As I was researching and buying my first watch a year ago (a Nomos Tangente 38 Date), I never imagined that a Lange could be attainable. While every YouTube video I watched, every review I read, every pic I ogled only made me more obsessed with the brand, I just couldn't see myself committing so much to a single watch. Besides, how could a Saxonia Thin even remotely compare to a drool-inducing Datograph or Zeitwerk?

I therefore felt relatively safe during a visit to my Boston-based AD last May when I casually threw out the line, "Oh hey, you don't maybe happen to have a Saxonia Thin in stock do you?
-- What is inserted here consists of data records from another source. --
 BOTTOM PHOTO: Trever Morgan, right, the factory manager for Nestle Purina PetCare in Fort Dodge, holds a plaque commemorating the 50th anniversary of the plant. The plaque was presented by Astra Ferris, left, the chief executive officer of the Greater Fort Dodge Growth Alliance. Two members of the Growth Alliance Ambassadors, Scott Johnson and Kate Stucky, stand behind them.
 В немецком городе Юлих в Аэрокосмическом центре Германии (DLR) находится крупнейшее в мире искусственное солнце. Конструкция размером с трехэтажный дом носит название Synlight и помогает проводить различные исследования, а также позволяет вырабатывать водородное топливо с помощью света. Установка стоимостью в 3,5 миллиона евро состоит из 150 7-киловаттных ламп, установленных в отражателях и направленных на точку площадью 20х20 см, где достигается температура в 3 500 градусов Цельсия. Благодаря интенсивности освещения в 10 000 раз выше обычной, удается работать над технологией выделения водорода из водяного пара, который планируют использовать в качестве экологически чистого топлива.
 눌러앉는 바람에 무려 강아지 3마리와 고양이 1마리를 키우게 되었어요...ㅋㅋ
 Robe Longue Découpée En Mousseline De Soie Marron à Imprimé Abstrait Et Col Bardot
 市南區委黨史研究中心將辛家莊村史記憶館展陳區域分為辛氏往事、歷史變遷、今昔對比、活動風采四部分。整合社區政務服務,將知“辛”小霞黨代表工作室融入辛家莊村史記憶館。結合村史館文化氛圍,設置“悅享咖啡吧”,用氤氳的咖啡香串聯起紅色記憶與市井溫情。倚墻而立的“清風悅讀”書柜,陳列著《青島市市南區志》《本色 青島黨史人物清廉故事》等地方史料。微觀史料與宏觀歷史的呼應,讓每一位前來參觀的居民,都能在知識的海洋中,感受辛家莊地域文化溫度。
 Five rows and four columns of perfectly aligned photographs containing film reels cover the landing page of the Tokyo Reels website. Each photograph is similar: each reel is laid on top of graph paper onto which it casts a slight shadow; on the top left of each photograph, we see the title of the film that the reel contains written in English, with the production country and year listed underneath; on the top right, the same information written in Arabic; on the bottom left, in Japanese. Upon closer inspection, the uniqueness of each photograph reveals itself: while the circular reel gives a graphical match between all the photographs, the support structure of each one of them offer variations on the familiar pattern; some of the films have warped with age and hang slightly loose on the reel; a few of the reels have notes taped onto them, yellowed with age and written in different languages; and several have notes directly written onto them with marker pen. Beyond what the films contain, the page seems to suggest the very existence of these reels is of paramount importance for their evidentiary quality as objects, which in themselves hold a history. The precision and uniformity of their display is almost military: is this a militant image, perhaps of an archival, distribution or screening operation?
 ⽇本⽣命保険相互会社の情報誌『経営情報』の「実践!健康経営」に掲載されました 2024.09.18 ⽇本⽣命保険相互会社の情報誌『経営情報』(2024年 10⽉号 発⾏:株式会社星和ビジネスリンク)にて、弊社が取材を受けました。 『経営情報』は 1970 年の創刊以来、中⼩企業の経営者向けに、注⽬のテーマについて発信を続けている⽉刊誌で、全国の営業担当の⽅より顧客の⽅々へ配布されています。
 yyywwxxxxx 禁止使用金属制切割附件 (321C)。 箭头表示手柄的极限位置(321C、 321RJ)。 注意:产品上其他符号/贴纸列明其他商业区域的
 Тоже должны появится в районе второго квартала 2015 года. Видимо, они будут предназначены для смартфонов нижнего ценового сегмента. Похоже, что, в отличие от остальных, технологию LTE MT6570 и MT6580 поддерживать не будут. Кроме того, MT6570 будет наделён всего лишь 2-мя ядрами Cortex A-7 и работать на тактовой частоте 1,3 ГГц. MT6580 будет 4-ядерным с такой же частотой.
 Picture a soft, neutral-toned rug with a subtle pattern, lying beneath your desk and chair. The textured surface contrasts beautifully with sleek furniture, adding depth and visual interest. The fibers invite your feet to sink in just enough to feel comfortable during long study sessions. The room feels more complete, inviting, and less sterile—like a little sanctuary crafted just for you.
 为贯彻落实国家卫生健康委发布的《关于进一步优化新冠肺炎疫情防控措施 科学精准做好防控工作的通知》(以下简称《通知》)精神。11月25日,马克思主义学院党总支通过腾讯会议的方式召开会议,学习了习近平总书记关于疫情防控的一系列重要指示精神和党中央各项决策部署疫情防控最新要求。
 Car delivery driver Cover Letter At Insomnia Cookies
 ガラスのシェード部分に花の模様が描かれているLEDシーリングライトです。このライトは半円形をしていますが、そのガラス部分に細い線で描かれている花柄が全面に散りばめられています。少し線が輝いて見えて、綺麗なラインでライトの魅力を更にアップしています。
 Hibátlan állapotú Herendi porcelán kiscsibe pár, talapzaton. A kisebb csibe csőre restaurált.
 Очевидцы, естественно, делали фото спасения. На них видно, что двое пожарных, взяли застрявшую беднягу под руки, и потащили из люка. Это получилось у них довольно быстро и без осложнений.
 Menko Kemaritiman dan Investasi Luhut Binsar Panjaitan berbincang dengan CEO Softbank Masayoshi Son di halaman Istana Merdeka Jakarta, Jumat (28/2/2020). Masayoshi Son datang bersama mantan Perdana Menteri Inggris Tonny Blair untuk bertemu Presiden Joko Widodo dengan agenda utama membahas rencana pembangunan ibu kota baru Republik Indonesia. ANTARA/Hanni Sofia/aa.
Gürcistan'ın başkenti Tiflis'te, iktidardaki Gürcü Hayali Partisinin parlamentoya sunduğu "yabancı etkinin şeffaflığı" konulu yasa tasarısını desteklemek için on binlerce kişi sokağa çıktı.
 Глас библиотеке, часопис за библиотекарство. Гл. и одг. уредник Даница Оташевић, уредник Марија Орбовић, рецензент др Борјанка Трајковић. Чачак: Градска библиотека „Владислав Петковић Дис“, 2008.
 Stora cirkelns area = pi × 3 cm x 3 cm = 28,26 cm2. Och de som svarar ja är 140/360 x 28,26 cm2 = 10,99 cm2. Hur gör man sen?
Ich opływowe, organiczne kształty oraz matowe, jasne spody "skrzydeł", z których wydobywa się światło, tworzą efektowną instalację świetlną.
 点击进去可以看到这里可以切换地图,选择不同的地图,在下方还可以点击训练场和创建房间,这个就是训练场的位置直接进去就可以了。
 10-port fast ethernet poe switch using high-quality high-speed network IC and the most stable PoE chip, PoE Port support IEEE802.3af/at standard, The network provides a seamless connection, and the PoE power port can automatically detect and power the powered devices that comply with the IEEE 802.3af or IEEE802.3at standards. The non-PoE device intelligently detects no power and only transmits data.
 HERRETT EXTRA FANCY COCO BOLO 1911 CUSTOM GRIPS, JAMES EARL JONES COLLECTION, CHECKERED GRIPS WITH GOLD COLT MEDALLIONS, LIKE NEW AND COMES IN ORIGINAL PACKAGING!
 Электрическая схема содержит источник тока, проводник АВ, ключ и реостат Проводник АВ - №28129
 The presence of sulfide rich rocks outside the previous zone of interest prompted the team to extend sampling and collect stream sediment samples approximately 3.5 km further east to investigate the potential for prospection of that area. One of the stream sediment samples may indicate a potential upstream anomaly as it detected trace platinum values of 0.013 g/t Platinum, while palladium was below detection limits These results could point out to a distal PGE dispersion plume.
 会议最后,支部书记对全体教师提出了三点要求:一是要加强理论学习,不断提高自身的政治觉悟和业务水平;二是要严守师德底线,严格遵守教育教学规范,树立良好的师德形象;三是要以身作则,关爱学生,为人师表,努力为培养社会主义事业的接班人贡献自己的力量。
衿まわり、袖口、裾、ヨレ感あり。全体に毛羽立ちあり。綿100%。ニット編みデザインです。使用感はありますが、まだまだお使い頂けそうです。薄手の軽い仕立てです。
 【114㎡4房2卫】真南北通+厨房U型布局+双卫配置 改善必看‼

I'm just kinda curious about seeing one in person."

Friends, do not make this same mistake.

They brought out one in pink gold and one in white gold. As beautiful as the dial side is (and it is stunning), once I flipped over the watch and looked at the movement I was completely hooked. Within about three seconds, I knew I just had to have one&#8230; no matter how long it would take to save for. What followed was the watch-obsessed deep dive we all do. I think I'm probably an expert on this reference at this point, haha.

I've made several visits to the AD during random trips to Boston, and am so happy to have met new friends through this shared hobby. Chatting with other more experienced collectors (especially on this forum) has also been rewarding and educational. I definitely want to say "thank you" to everyone (with a special shout-out to CFR) for all the help and advice!

I think it's fitting that this thread asking if the Saxon Thin was a "grail-worthy" watch is still going strong. Let me tell you that yes, it absolutely is. The level of craft, of artistry on display even in Lange's simplest time-only watch is incredible. The materials and finishing are radiant to look at. The impeccable technique these watchmakers posses is remarkable to ponder. I look forward to enjoying this timepiece for many years to come.


----------



## WatchEater666 (May 27, 2019)

Looks great! Congrats. Those hands! 🙂


----------



## CFR (May 13, 2006)

HUGE congrats, and Happy Birthday to a fellow Saggitarian!! What a great way to celebrate!


----------



## Techniec (Dec 9, 2007)

Love it man, super elegant !!

Cheers,

Pieter


----------



## SWIMTEXAN (Feb 5, 2015)

Happy Birthday


----------



## peterki (Jan 3, 2013)

It looks great on your wrist, and of course it is a gorgeous watch! I do so very much understand your excitement  Enjoy!


----------



## TheDubaiExpat (Dec 27, 2019)

Wow, beautiful


----------



## mario1971 (Feb 4, 2020)

Beautiful! It's on my wish list


----------



## emiTstI (Feb 4, 2020)

Congratulations and happy birthday .. will look forward to seeing what you get next year!


Sent from my iPhone using Tapatalk


----------



## Retumbo (Dec 10, 2019)

Nice Watch! What's your wrist size? I'm also considering a Saxonia thin 37 and it looks great on you.


----------



## weisscomposer (Dec 2, 2018)

Retumbo said:


> Nice Watch! What's your wrist size? I'm also considering a Saxonia thin 37 and it looks great on you.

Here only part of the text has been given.